═══ Provided material

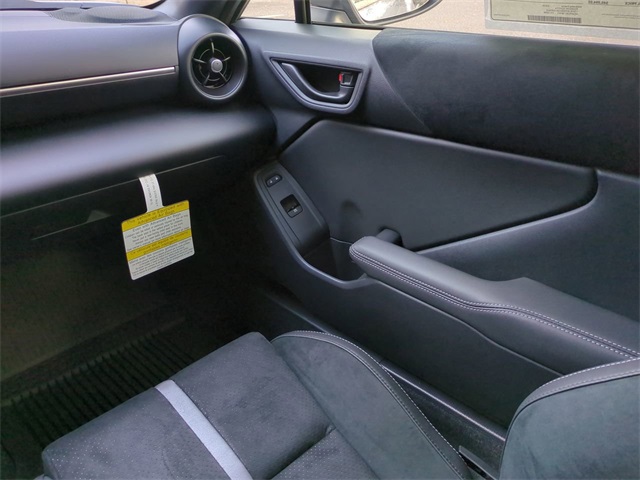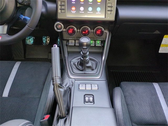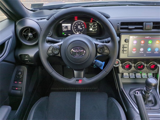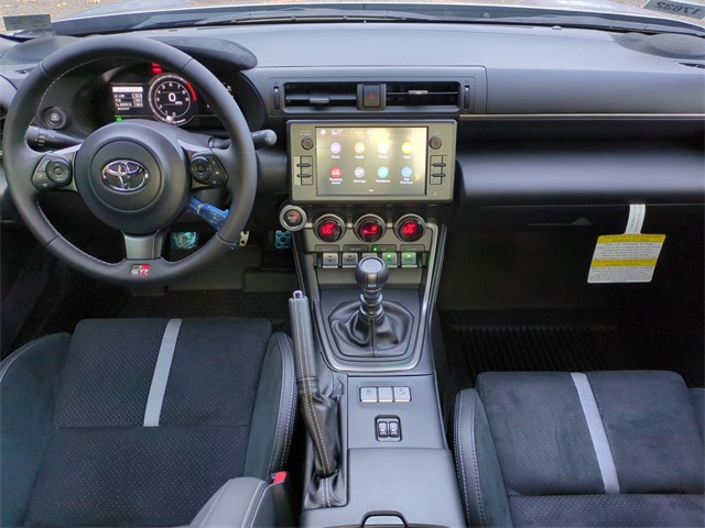 The Optional Features Included on this vehicles are: All Weather Mat Package (TMS), GR Wheel Package (TMS), Performance Package (Brembo Brakes and SACHS Dampers), 2-Stage Heated Sport Front Seats, 4-Wheel Disc Brakes, 8 Speakers, ABS brakes, Air Conditioning, Alloy wheels, AM/FM radio: SiriusXM, Apple CarPlay/Android Auto, Automatic temperature control, Black GR Performance Dual Exhaust (TMS), Brake assist, Bumpers: body-color, Delay-off headlights, Driver door bin, Driver vanity mirror, Dual front impact airbags, Dual front side impact airbags, Electronic Stability Control, Emergency communication system: Safety Connect (1-year trial), Exterior Parking Camera Rear, Four wheel independent suspension, Front anti-roll bar, Front Bucket Seats, Front dual zone A/C, Front reading lights, Fully automatic headlights, GR Shift Knob (TMS), Heated door mirrors, Heated front seats, Illuminated entry, Knee airbag, Leather Shift Knob, Leather steering wheel, Low tire pressure warning, Occupant sensing airbag, Outside temperature display, Overhead airbag, Panic alarm, Passenger door bin, Passenger vanity mirror, Power door mirrors, Power steering, Power windows, Radio data system, Radio: GR86 Audio, Rear anti-roll bar, Rear window defroster, Remote keyless entry, Security system, Speed control, Spoiler, Steering wheel mounted audio controls, Tachometer, Telescoping steering wheel, Tilt steering wheel, Traction control, Trip computer, Ultrasuede Seat Trim w/Leather Bolsters, Variably intermittent wipers, and Wheels: 18" Matte-Black-Painted Alloy.
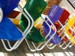 View the Naples Collection Middletown Patio Chaise Lounge with Chili CushionsEvery few years or so, metal lawn chairs, occasional tables, and gliders that are powder-coated in assorted colors become popular again. Perhaps a retailer features them in a new catalog, they are pictured in an ad for some other product or company, or are glimpsed in a movie. Things have a tendency to go in and out of style. Those colorful stamped metal lawn chairs were the ones that Grandma (or Great-Grandma) and her friends would sit and slowly glide in or on while they sipped beverages on the front porch. Later referred to as "motel" chairs for their propensity to show up near pools or outside the front offices of Route 66 motels, most of the originals were allowed to rust and corrode until it was time for them to be sent to lawn chair heaven. Others know these iconic pieces as bouncer, shell-back, clamshell, or tulip chairs. It was after World War II that Ed Warmack, an Arkansas manufacturer and sheet metal fabricator, became the largest producer of gas heaters in the United States.
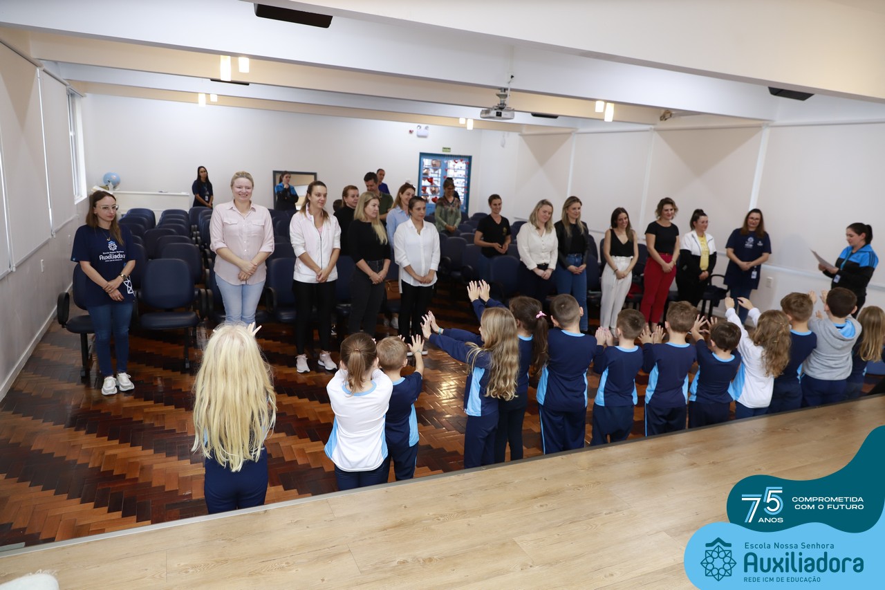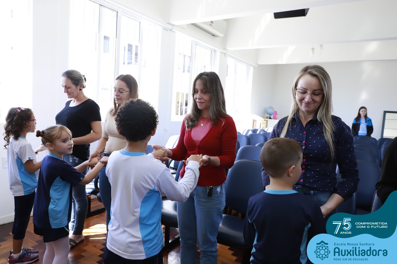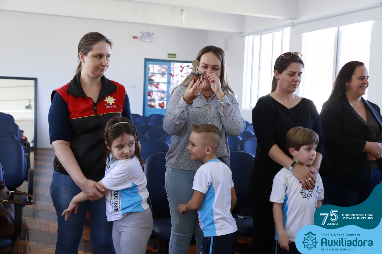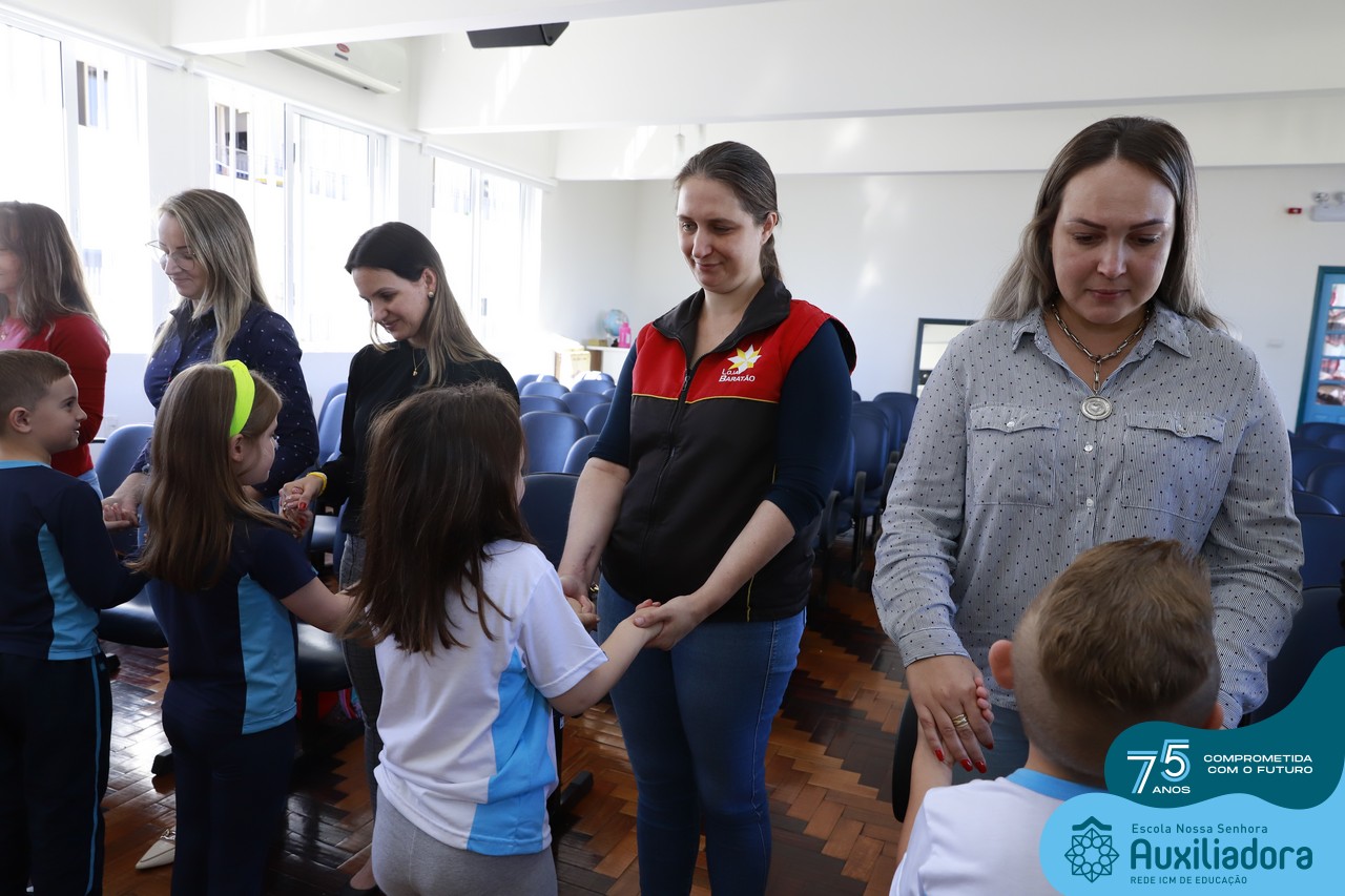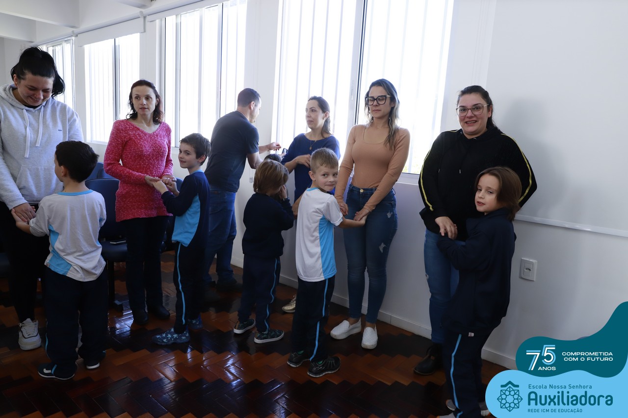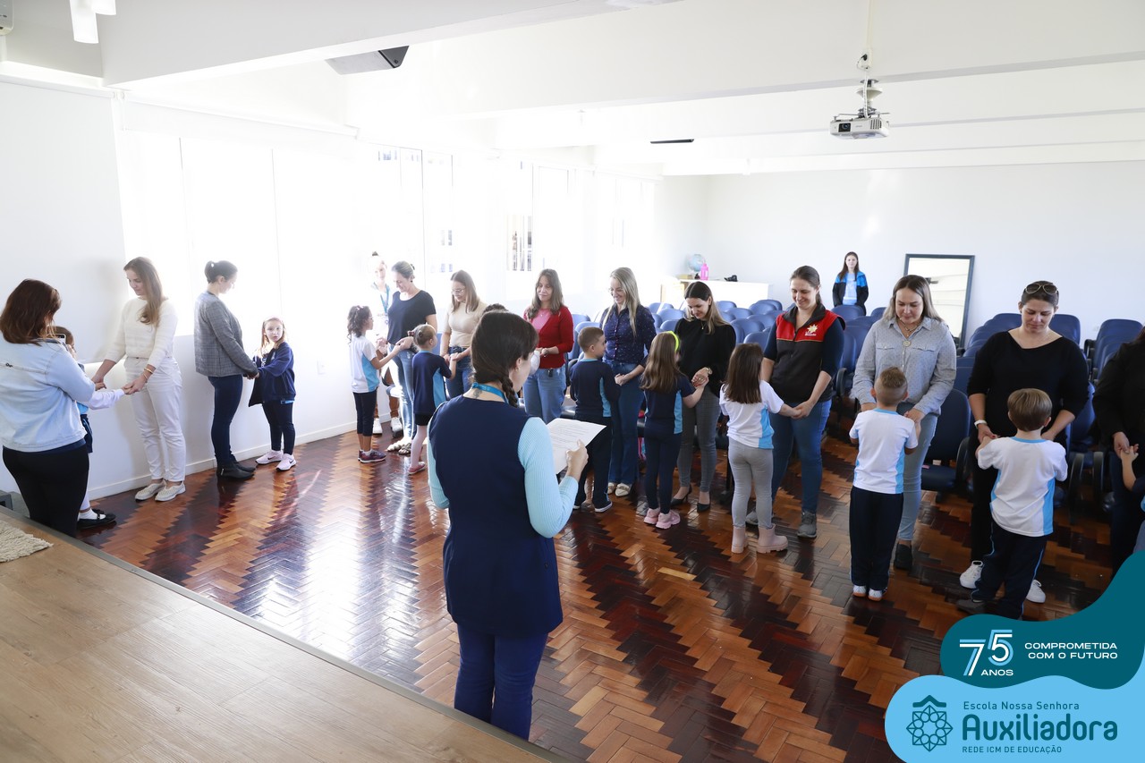 Foi um momento lindo e emocionante. Após presentearam suas mamães com lindas flores plantadas por eles. 😊
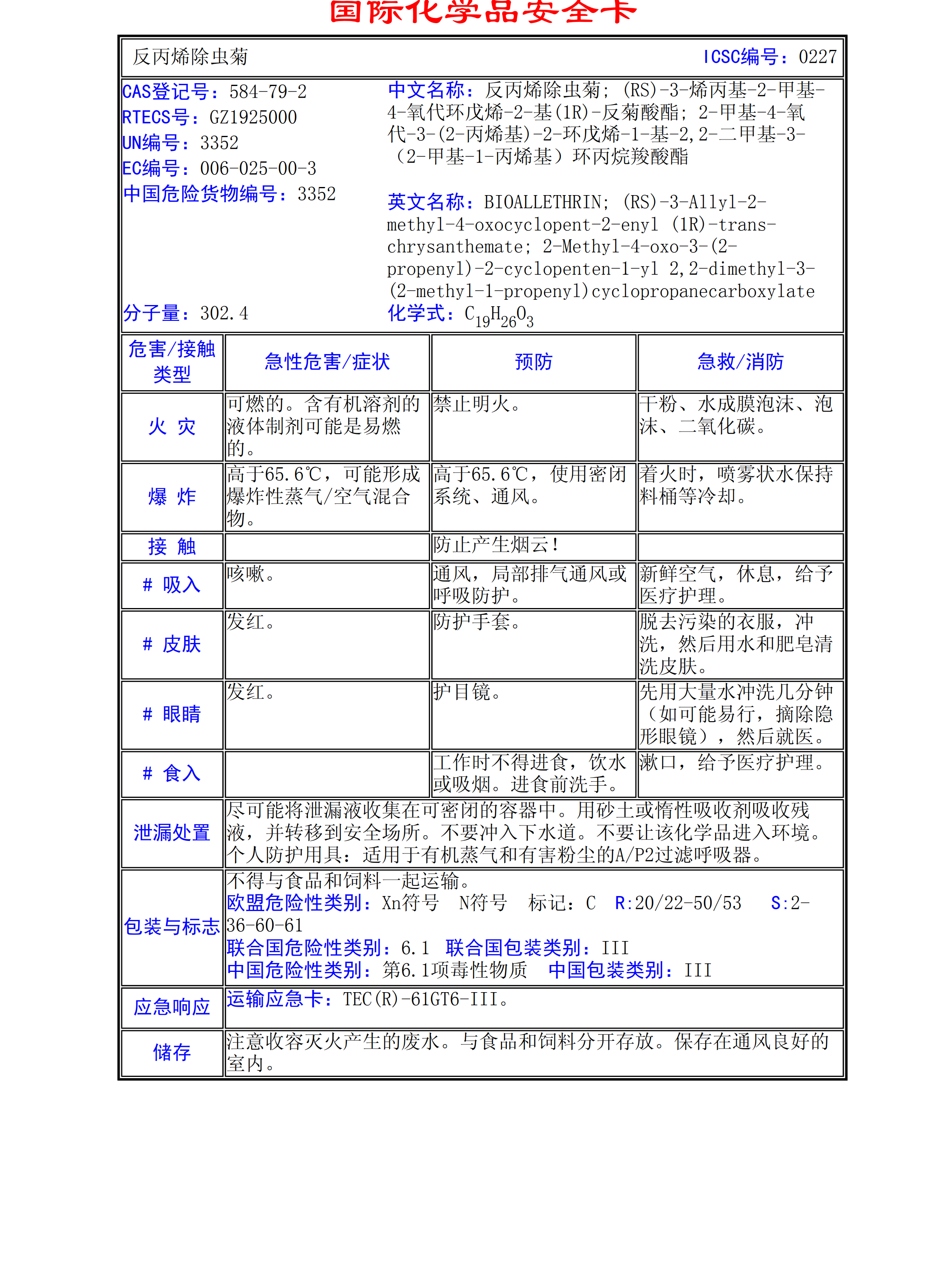 右旋反丙烯除蟲菊MSDS
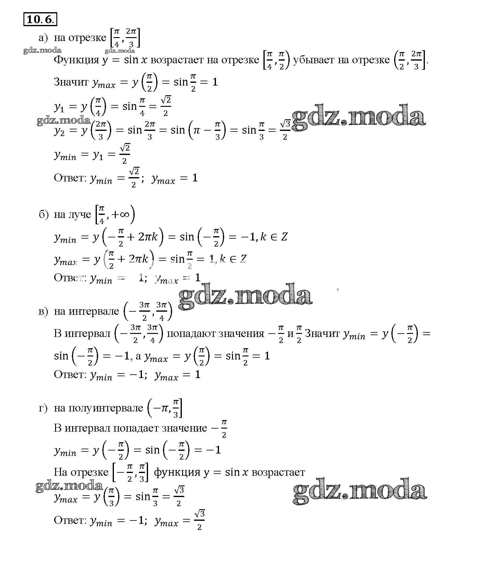 ОТВЕТ на задание № 10. 6 Задачник по Алгебре 10-11 класс Мордкович Базовый уровень

══════

• What you will do: Could you repeat, exactly and with nothing else, the lines from the one containing "View the Naples" through the last line of the records above, leaving out the pictures?

• Task output:
 View the Naples Collection Middletown Patio Chaise Lounge with Chili CushionsEvery few years or so, metal lawn chairs, occasional tables, and gliders that are powder-coated in assorted colors become popular again. Perhaps a retailer features them in a new catalog, they are pictured in an ad for some other product or company, or are glimpsed in a movie. Things have a tendency to go in and out of style. Those colorful stamped metal lawn chairs were the ones that Grandma (or Great-Grandma) and her friends would sit and slowly glide in or on while they sipped beverages on the front porch. Later referred to as "motel" chairs for their propensity to show up near pools or outside the front offices of Route 66 motels, most of the originals were allowed to rust and corrode until it was time for them to be sent to lawn chair heaven. Others know these iconic pieces as bouncer, shell-back, clamshell, or tulip chairs. It was after World War II that Ed Warmack, an Arkansas manufacturer and sheet metal fabricator, became the largest producer of gas heaters in the United States.
 Foi um momento lindo e emocionante. Após presentearam suas mamães com lindas flores plantadas por eles. 😊
 右旋反丙烯除蟲菊MSDS
 ОТВЕТ на задание № 10. 6 Задачник по Алгебре 10-11 класс Мордкович Базовый уровень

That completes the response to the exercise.